━━━━━ INFORMATION SUPPLIED ━━━━━

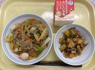 献立:あんかけやきそば 牛乳 大豆と小魚の変わり揚げ
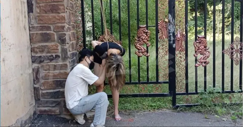 可怜的君君就这样被吊在了大门上,变态的追求者还把乳夹夹在了君君粉嫩的小樱桃上,君君想要呼救却怕自己羞耻的样子被路人看到,自能任由这个变态折磨,自己找机会逃走,脚上的脚铐让每一步路都极其难走,乳夹和脚趾被相连在一起,君君只能被迫弯着腰走路,可恶的变态还不断用胯下的股绳紧紧的勒着神秘的峡谷,君君最终。
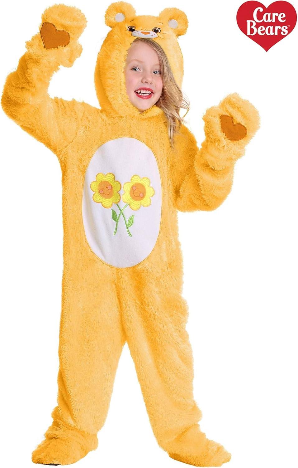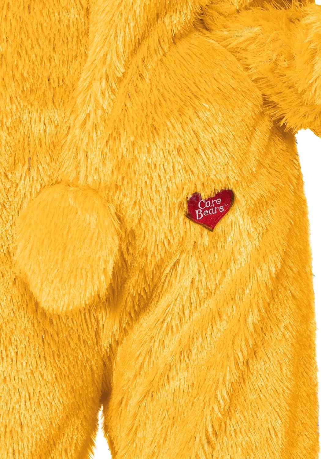 We designed this Friend Bear Care Bears costume as a yellow faux fur jumpsuit that recreates the cute character style that the Care Bears franchise is known for. It secures with a back zipper and comes with attached mitts decorated with appliqued hearts on the palm. The hood has an embroidered Friend Bear face with attached eyes, ears, and a plush 3D nose. It comes with matching shoe covers with rib-knit ankle cuffs. The appliqued yellow daises belly badge on the tummy and a Care Bears heart logo near the tail give this costume it's authentic styling.
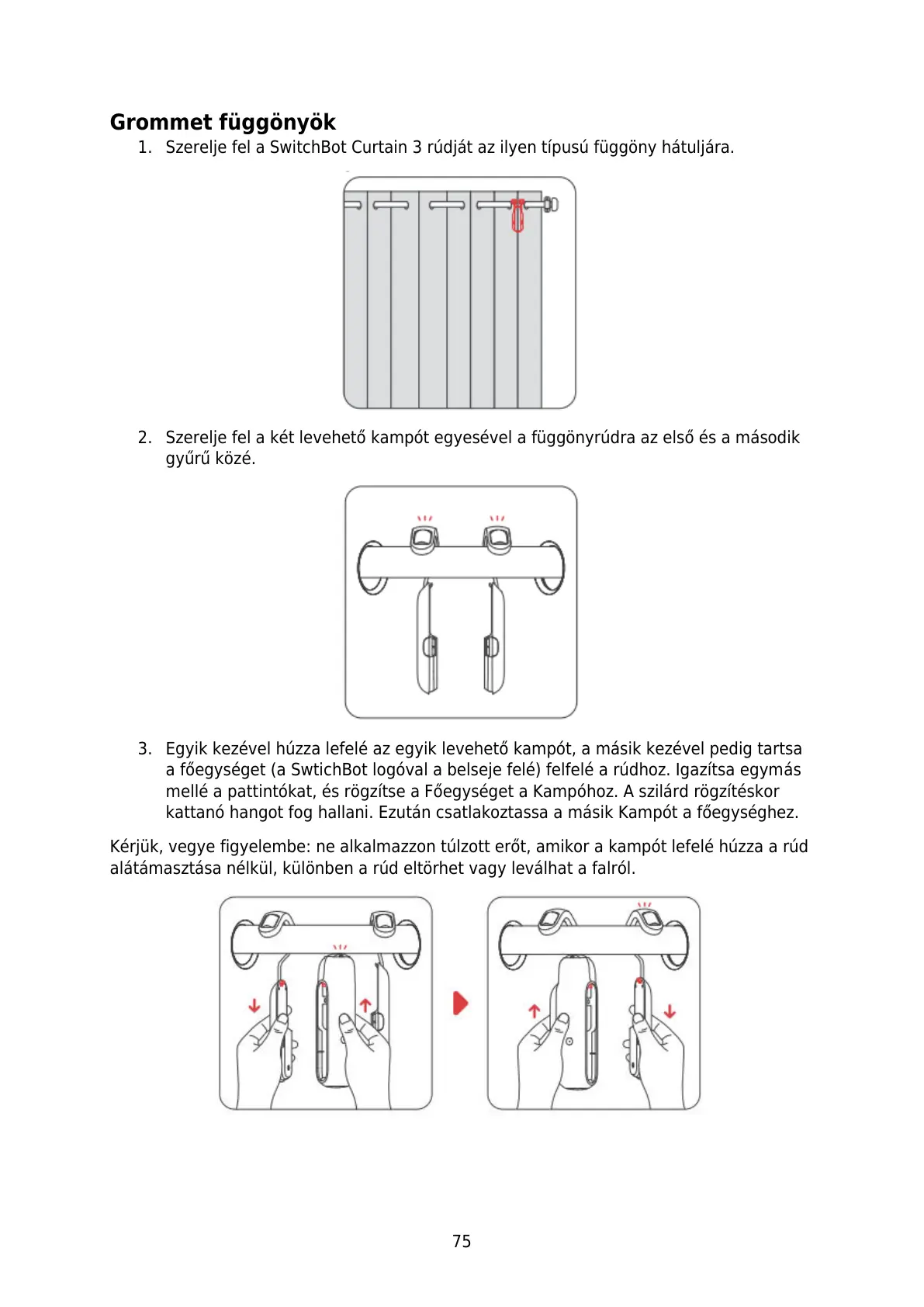 2. Szerelje fel a két levehető kampót egyesével a függönyrúdra az első és a második

━━━━━

#### [WORK TO BE COMPLETED]
Set the listing above down again exactly, leaving pictures out.

#### [RESULT OF THIS EXERCISE]
 献立:あんかけやきそば 牛乳 大豆と小魚の変わり揚げ
 可怜的君君就这样被吊在了大门上,变态的追求者还把乳夹夹在了君君粉嫩的小樱桃上,君君想要呼救却怕自己羞耻的样子被路人看到,自能任由这个变态折磨,自己找机会逃走,脚上的脚铐让每一步路都极其难走,乳夹和脚趾被相连在一起,君君只能被迫弯着腰走路,可恶的变态还不断用胯下的股绳紧紧的勒着神秘的峡谷,君君最终。
 We designed this Friend Bear Care Bears costume as a yellow faux fur jumpsuit that recreates the cute character style that the Care Bears franchise is known for. It secures with a back zipper and comes with attached mitts decorated with appliqued hearts on the palm. The hood has an embroidered Friend Bear face with attached eyes, ears, and a plush 3D nose. It comes with matching shoe covers with rib-knit ankle cuffs. The appliqued yellow daises belly badge on the tummy and a Care Bears heart logo near the tail give this costume it's authentic styling.
 2. Szerelje fel a két levehető kampót egyesével a függönyrúdra az első és a második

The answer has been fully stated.